Traditionally, office dress code has been quite formal.  In recent years, however, business casual attire has become increasingly popular.  Regardless of the dress code, it is important to be clean-cut and dressed appropriately.  A myriad of situations may present themselves in the office when it is important to make a good impression.  Clients can drop in unannounced or upper management may request impromptu meetings.  Clean and pressed clothing looks the most presentable. Iconic fashion source, Harper’s Bazaar, suggests not showing too much skin and avoiding clothing that is too tight.  The adage “dress for the job you want, not the job you have” holds true.  Mark Twain knew that “clothes make the man” so, when in doubt, dress to impress.

Body Language

While body language may not immediately come to mind when thinking about one’s professional appearance, it can be increasingly important.  Eye contact shows interest, a firm handshake conveys confidence, and nothing indicates boredom or disinterest like slouching in a chair.  Forbes recently published an article titled 12 Body Language Tips for Career Success, which gives excellent advice on how to use body language to get ahead in one’s career.

Verbal Communication

In the office, both casual and professional conversations take place throughout the day and employees should know how to behave accordingly.  While colleagues may become friends, the office is not the place to have prolonged social conversations.

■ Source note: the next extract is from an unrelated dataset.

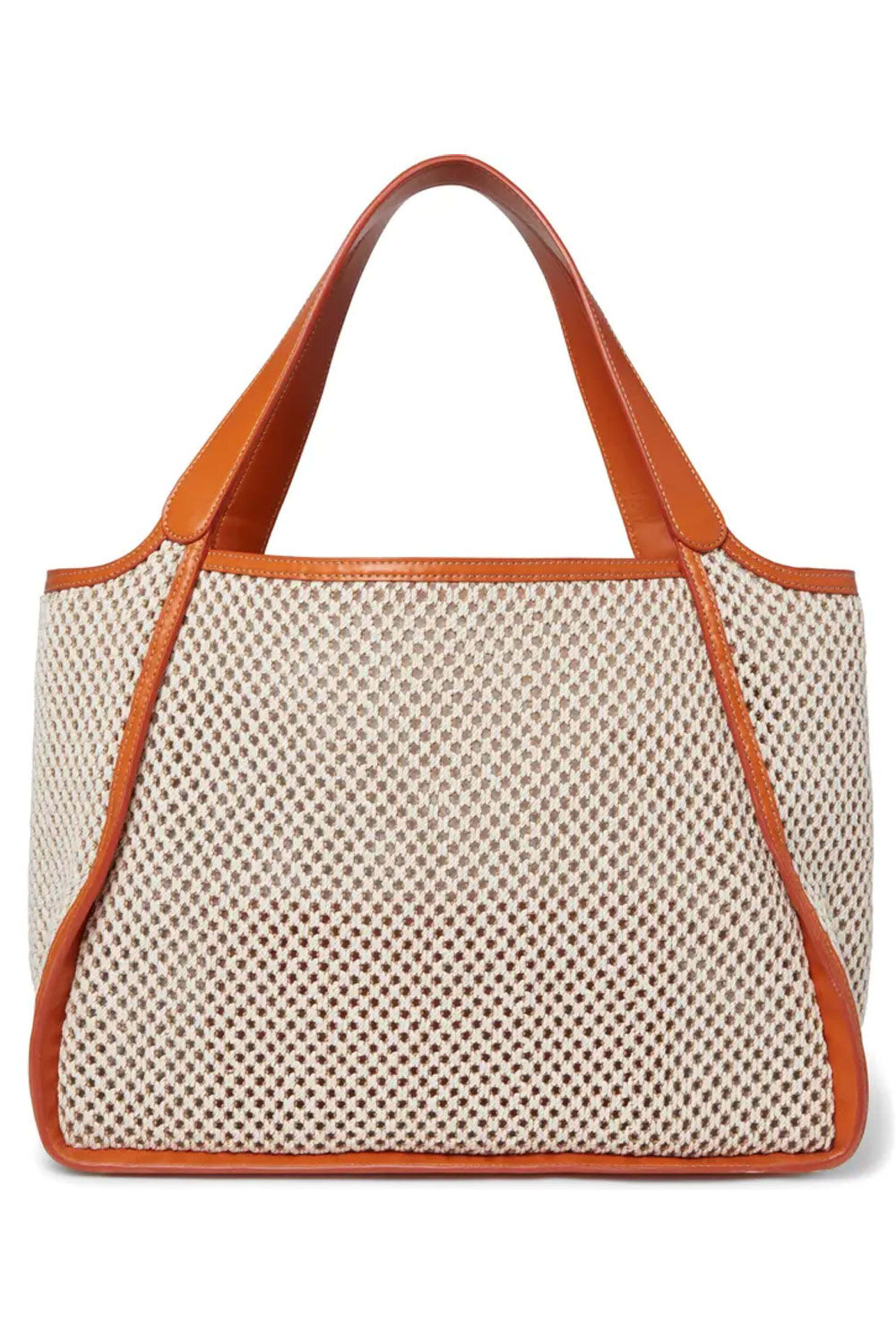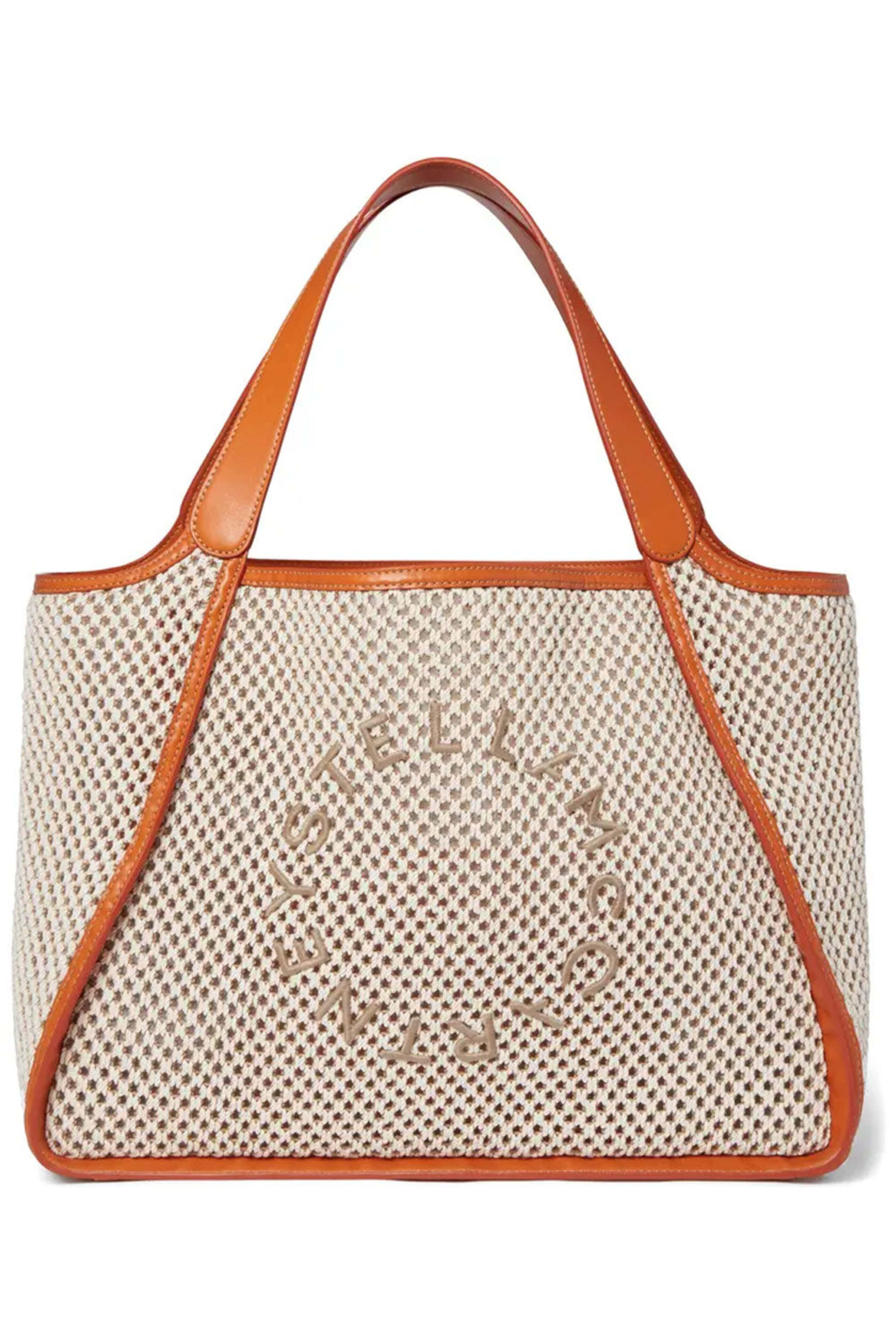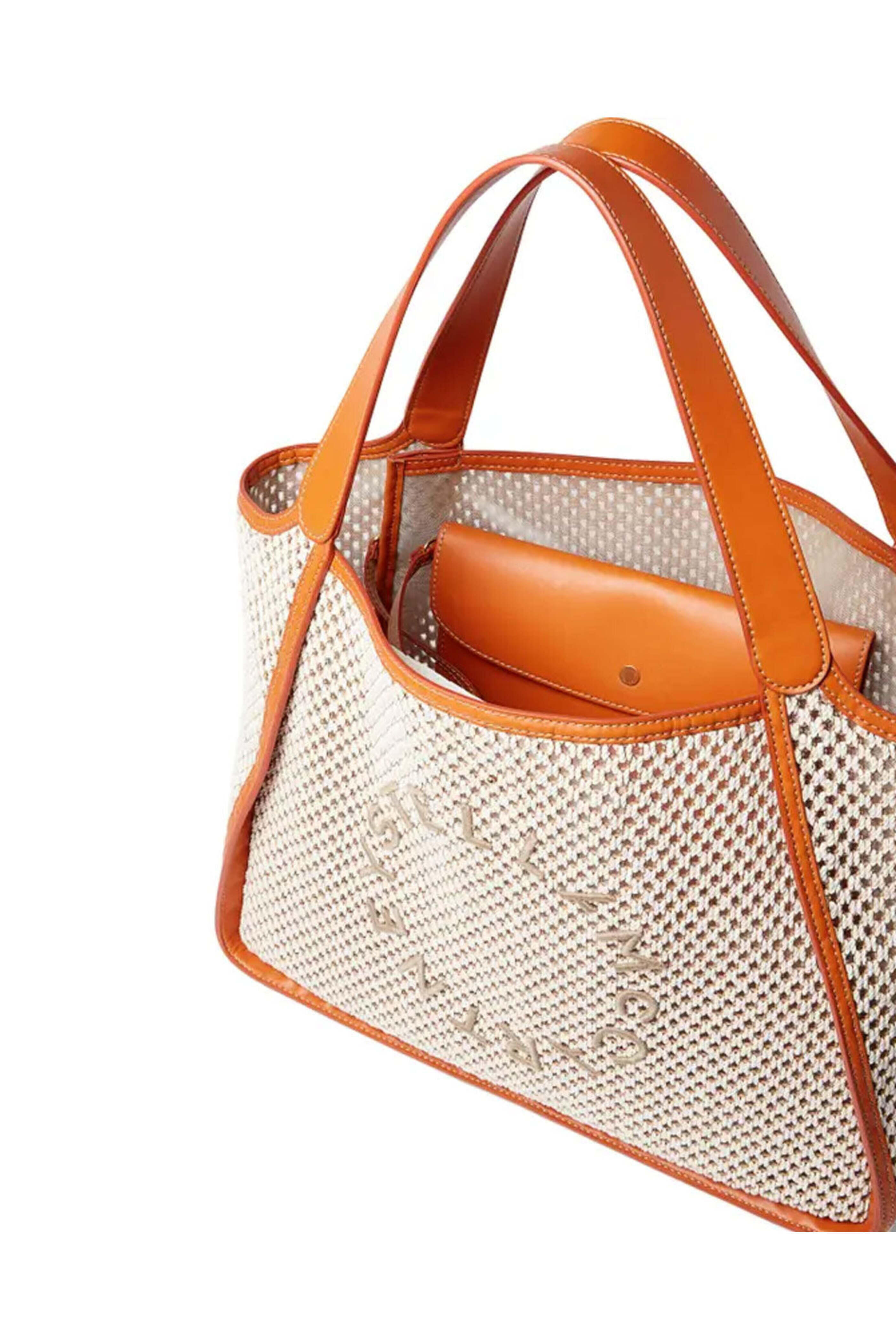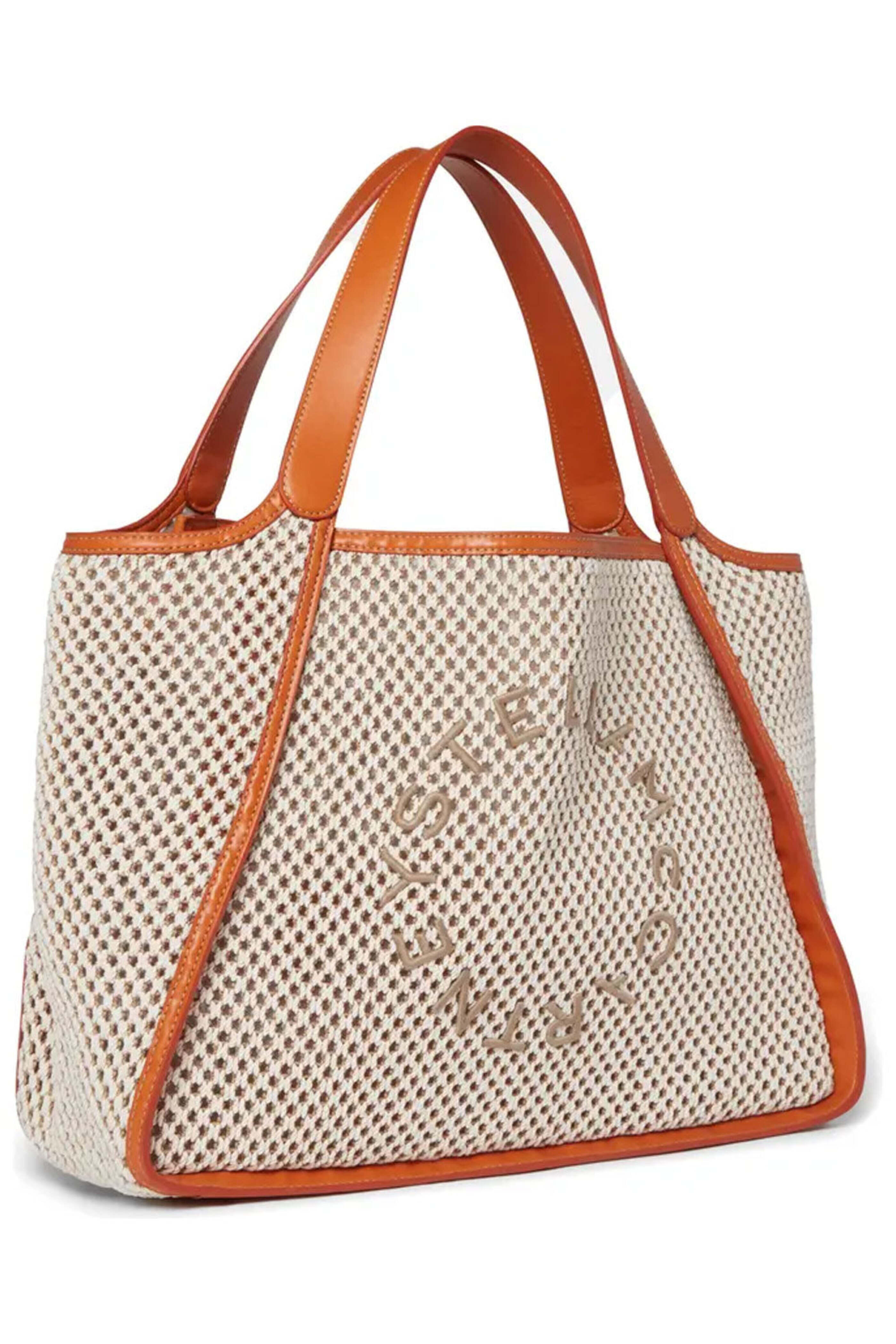 - Stella McCartney Embroidered Logo Rope Mesh Tote in Ivory/ Beige

In an interview, speaking professionally is obviously important.  This is not the time to use slang words or be far too conversational.  Refrain from discussing personal problems or issues.  If they are inadvertently discussed, steer the conversation in a more positive direction.  Also, avoid those “um’s and ah’s,” as they are dead giveaways for confusion or doubt.

Written Communication

Writing is required in almost every profession.  From an IT executive writing an email to a journalist writing a headlining article, everyone must be able to write in a professional manner.  Poor spelling and grammar is, perhaps, one of the biggest mistakes people can make.  Proof reading any piece of writing is important.  The email you write to a friend in the next office could easily end up in the inbox of the department head after several people hit “forward.”  Be sure to keep the content of all emails in the workplace professional to avoid any embarrassing situations.

Everything people do, say and wear is part of their personal brand and contributes to one’s professional image.  Superior job performance will greatly contribute to how one is viewed in the workplace, however a positive attitude and a polished appearance can also make a lasting impression.